– Орудие убийства нашли? – спохватился Кошкин о главном. Даже пролистнул страницы дела, думая, что просмотрел не все.

– Нет, Ваше благородие, – опять робея, доложил Антонов. – Молотком, видать, ударил, злодей: рана ого-го была! Прямо на темечке. А молоток, может, в реку сбросил. Ни в доме, ни в саду так и не нашли.

Кошкин хмыкнул и тут же одернул себя. Если садовник Ганс не поленился избавиться от орудия, коим ранил хозяйку, так значит знал, что убил. Или что она умрет в самом ближайшем будущем.

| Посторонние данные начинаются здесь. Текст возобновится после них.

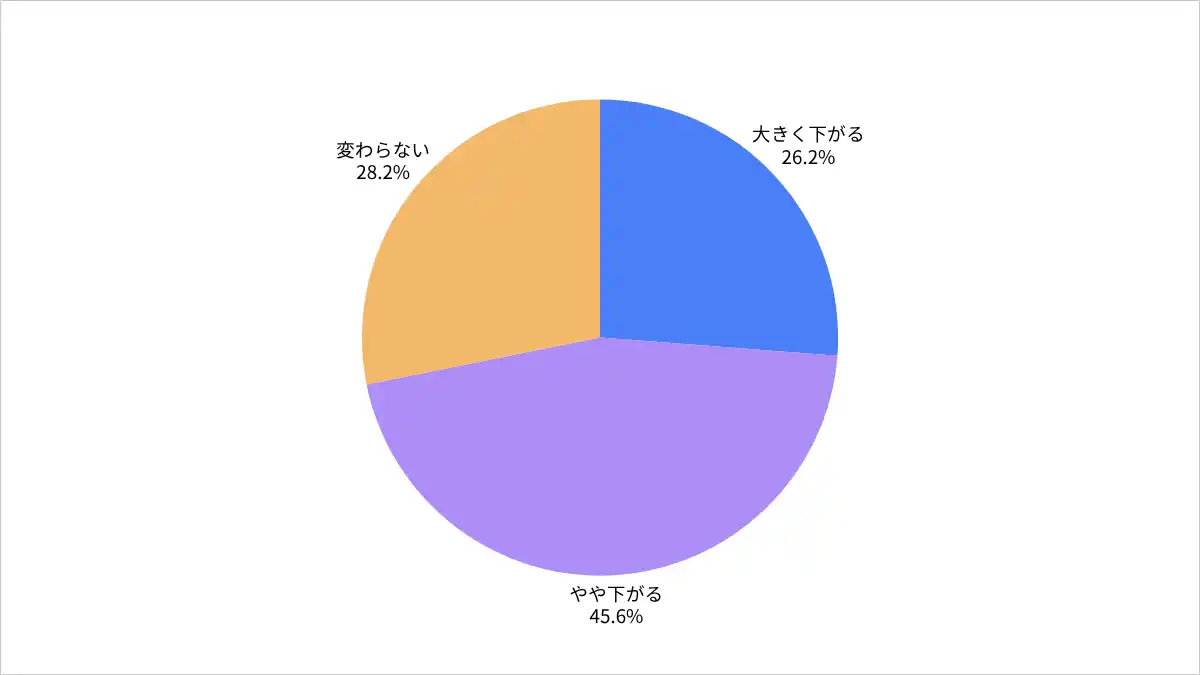 大きく下がる(24.0%) / やや下がる(46.1%) / 変わらない(28.6%) / むしろ応援したくなる(1.3%) |
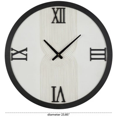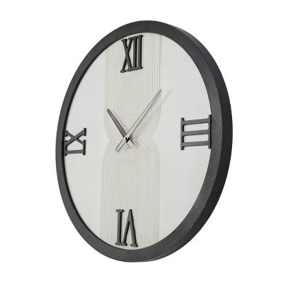Bring functionality and style into your home with a statement wall clock to maximize any open wall space. Take control of your day and keep track of time with this classic designed wall clock with a glamorous flare. Maximize your wall space with this simple black rim clock that will complement any solid background. Requires 1 AA battery. Battery not included. This item ships in 1 carton. Features Roman numerals for 12, 3, 6, 9 markers. The clock mechanism runs silent. Can be hung vertically using the keyholes on the back; nails and screws not included. Suitable for indoor use only. This item ships fully assembled in one piece. This is a single white colored kitchen clock. Modern style.
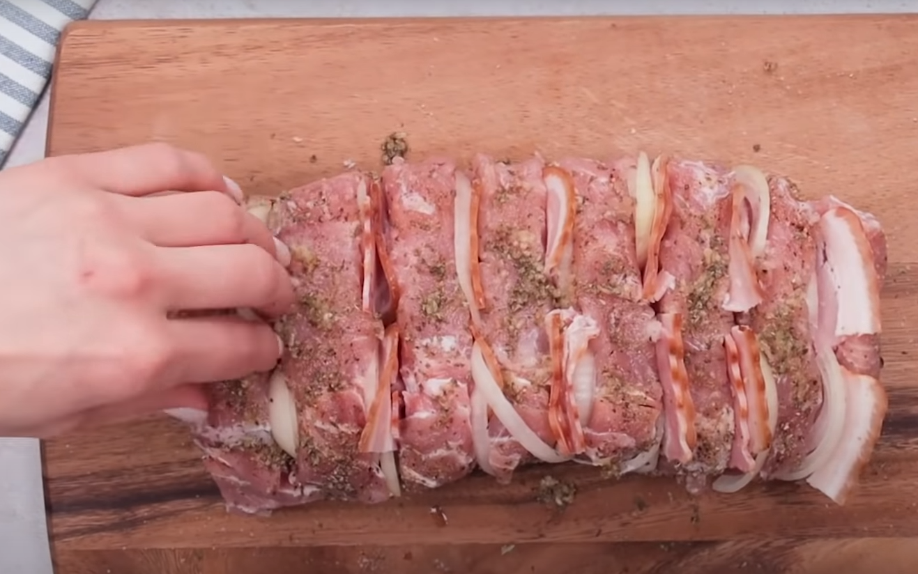 Krok 3: Do każdego nacięcia w schabie włóż kawałki cebuli i plasterki boczku. Następnie mięso przełóż do naczynia żaroodpornego.
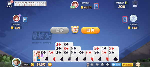 苏北掼蛋是途游旗下一款非常不错的策略棋牌游戏,苏北掼蛋不仅保留了传统的掼蛋玩法,还引入了创新的“不洗牌掼蛋”和“超掼蛋”等特色模式。在这里,你可以与全国各地的真人玩家实时对战,感受公平公正的发牌机制和专业的牌局设计,打牌更过瘾,胜利更畅快。游戏操作简单易上手,适合各类玩家,你可以灵活运用策略,与对手斗智斗勇,赢得胜利的喜悦。
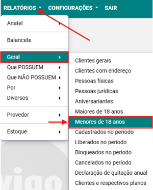 Passo 1: Acesse a opção RELATÓRIOS → GERAL → MENORES DE 18 ANOS
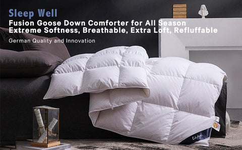 Filling: Filled with 650 fill power Suprelle® Fusion, 51/49 blend of high quality white goose down with the most down-like material named Cocoon Fiber, which is a high-tech innovation of ADVANSA in Germany, possesses less odour and offers better moisture transport and absorption, high bulk, re-fluffable and breathable, similar or even better than all down.
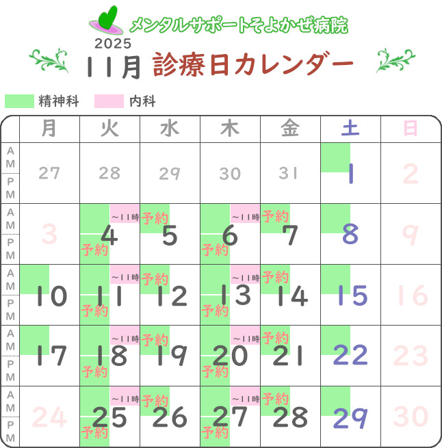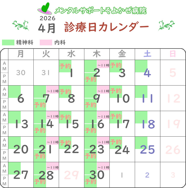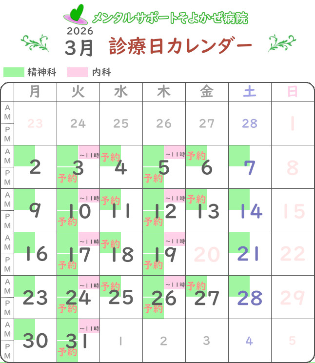 精神科:月〜土 午前診察 9:00〜 (受付時間 7:30〜11:30)
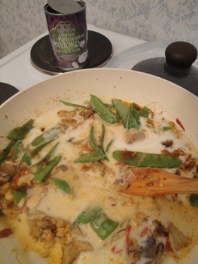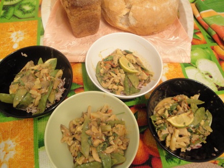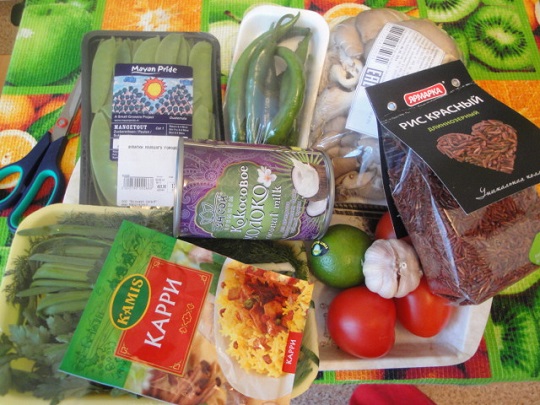 Ласка Опубликовано 11 марта, 2014 Опубликовано 11 марта, 2014 Веганское карри "Горячая штучка" Набор продуктов для собственно карри: 1. Грибы (были свежие вешенки, заменяемо на шампиньоны) 2. Свежий стручковый горошек (заменяемо на кабочок или черешковый сельдерей) 3. Помидоры сорта "сливка" (можно любые) 4.Цветная капуста (заменянмо на зелёное яблоко) 6. Кокосовое молоко. 7. Приправа карри "Камис" 8. Чеснок, имбирь, лайм, пертушка, острый стручковый перец... и всё что любите ещё Набор продуктов для гарнира к карри: Красный рис, можно булгур, израильский кус-кус, любую чечевицу, киноа, или вариации смесей данных круп. Я красный смешала с белым (чтобы остатки белого не залежались) и так нежнее получилось, один красный грубоват по текстуре, хотя, гораздо полезнее. Процесс: готовить лучше в сковороде-вок, или в сотейнике, у меня полу-вок. Масло раскалить очень хорошо, на сильном огне быстро обжариваем все ингридиенты, начинаем с грибов (они влагу отдают), потом помидор, потом капусту, стручки, и всё что душе угодно. После обжарки на интенсивном огне добавляем приправы имбирь, чеснок, и собственно порошок карри. Перемешиваем эту ароматную массу. и только затем вливаем кокосовое молоко. Всё хорошо мешаем и прогреваем, масса загустится, приобретёт характерный цвет... теперь доводим специи, добавляем щедро рубленой зелени и доли лайма. Всё женим минут 5. В это время домашние под разными предлогами начнут проникать на кухню... Пару ложек риса в глубокую чашку, и сверху карри. Долго звать не придётся никого! Приятного аппетита! На счёт продуктов, всё можно найти у нас в ЦУМе или в Уни-2 Вариантов карри масса. Приготовьте это сами!, не пожалеете, это будет круче чем в ресторане. В ресторане Вы теряете важную часть приготовления блюда - сумасшедший аромат, и возможность импровизации по своему вкусу, именно за это любят карри!!!
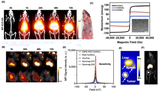 Kumar et al. fabricated iron oxide nanochains (FeONCs) with an average core diameter of 17.4 nm as an MPI tracer for addressing the current limitations in terms of sensitivity and resolution (Figure 9C inset) []. Superconducting Quantum Interference Device magnetometry measurements confirmed the superparamagnetic nature of FeONCs, a prerequisite for MPI tracers, with a saturation magnetization of 144.34 emu/g, significantly higher than FeONPs (33.56 emu/g) and FeO nanocubes (68.28 emu/g) (Figure 9C). This increased magnetic moment enhances their ability to respond quickly and effectively to magnetic fields, making them ideal for MPI. Magnetic relaxometry studies indicated that FeONCs provided significantly higher signal intensity than commercially available tracers like VivoTrax (4.3 times higher), Synomag-D-70 (2.03 times higher), and Synomag-D50 (1.56 times higher) (Figure 9D). Cell viability studies using 4T1 breast cancer cells and mesenchymal stem cells showed no toxicity at concentrations up to 100 μg/mL of FeONCs with DSPE-PEG and RGD on their surfaces. In vivo experiments using orthotopic breast cancer mouse models demonstrated that RGD-based FeONCs accumulated in the tumor region earlier and with enhanced MPI signals compared to non-RGD and control spherical FeONPs and a clear anatomical feature co-registered with CT allowed early detection and tracking of breast cancer (Figure 9E,F).
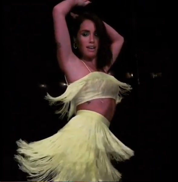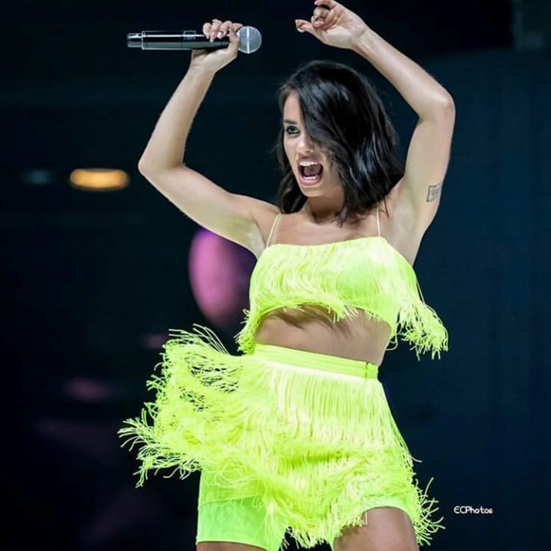 A színpadi megjelenése sokkal feltűnőbb lett. Az argentin díva egy neon kompozíciót választott: szoknyát és felsőt. Mindkét ruhadarabot számos rojt borította, így tánc közben csodásan mozogtak rajta.
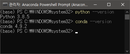 터미널 옆에 (base)라고 표시가 된다. 아나콘다 설치시 기본으로 주어지는 virtual env 이름이 base인데, 이게 보이는 것. 만약 윈도우 터미널을 켜서 python과 anaconda 버전을 확인했다면 설치시에 path 등록을 안했기 때문에 python 버전은 제대로 안나오고, conda 버전을 조회하면 에러가 난다.
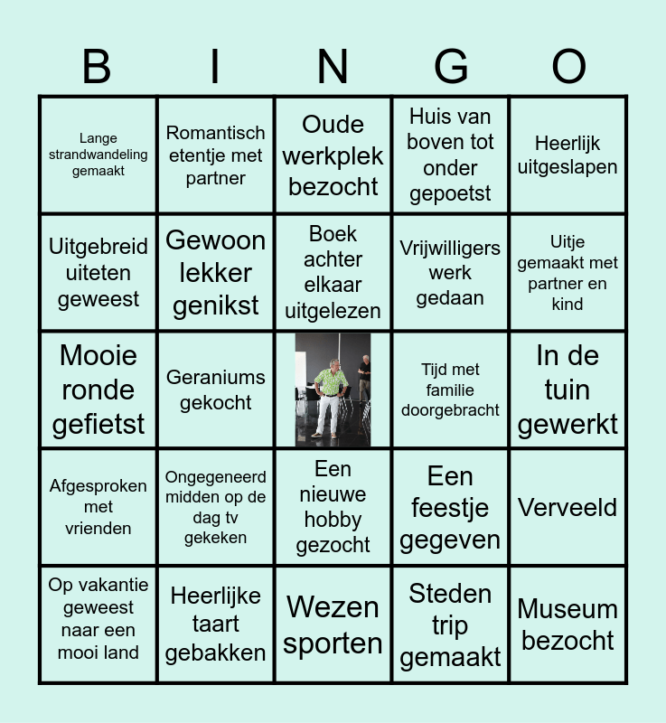 This bingo card has a free space and 24 words: Op vakantie geweest naar een mooi land, Ongegeneerd midden op de dag tv gekeken, Boek achter elkaar uitgelezen, Steden trip gemaakt, Heerlijk uitgeslapen, Lange strandwandeling gemaakt, Romantisch etentje met partner, Oude werkplek bezocht, Tijd met familie doorgebracht, In de tuin gewerkt, Mooie ronde gefietst, Gewoon lekker genikst, Een feestje gegeven, Verveeld, Uitgebreid uiteten geweest, Heerlijke taart gebakken, Wezen sporten, Huis van boven tot onder gepoetst, Uitje gemaakt met partner en kind, Afgesproken met vrienden, Geraniums gekocht, Een nieuwe hobby gezocht, Vrijwilligers werk gedaan and Museum bezocht.
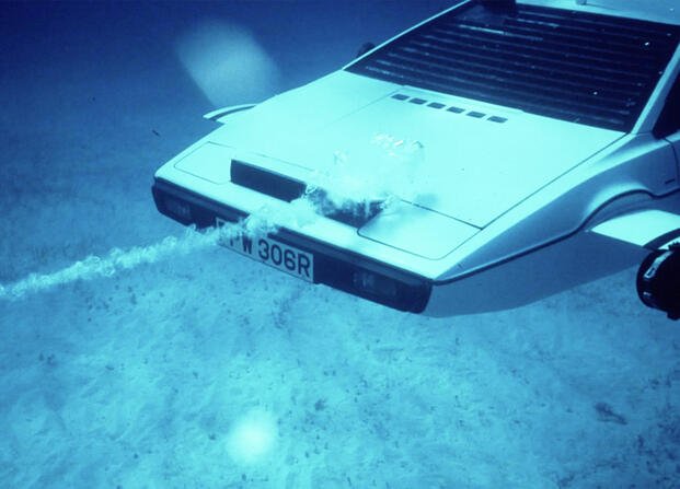 One of the series’ most iconic gadgets, the Lotus Esprit “Wet Nellie,” dives beneath the waves in The Spy Who Loved Me (1977). Photo credit: MGM / Eon Productions

– Кирилл Андреевич, – обратился он к Воробьеву, занятому расстановкой света. – Будьте так добры, как закончите с фотосъемкой, возьмите образцы со стены и убедитесь, что это кровь. Сумеете?

Отозвался тот не сразу. В знакомой уже вдумчивой манере изучил сиену с прищуром, едва не носом елозя по светлому камню – но заключил бодро:

– Вполне. Не на месте, конечно: придется соскобы со стены взять и отвезти в лабораторию. Но доказать, кровь ли это, можно.

Кошкин кивнул. Воробьев ему нравился все больше.

Вопрос был не праздный, потому как, в теории, надпись мог сделать кто-то уже после смерти Аллы Соболевой – чтобы оговорить садовника. Ее собственная кровь к тому моменту, скорее всего, уже засохла бы или стала вязкой. И кому-то могла прийти в голову идея сделать надпись чем-то другим, весьма на кровь похожим. Жаль, не выйдет узнать, кровь ли это животного или человека, но, по крайней мере, любой другой краситель получится исключить.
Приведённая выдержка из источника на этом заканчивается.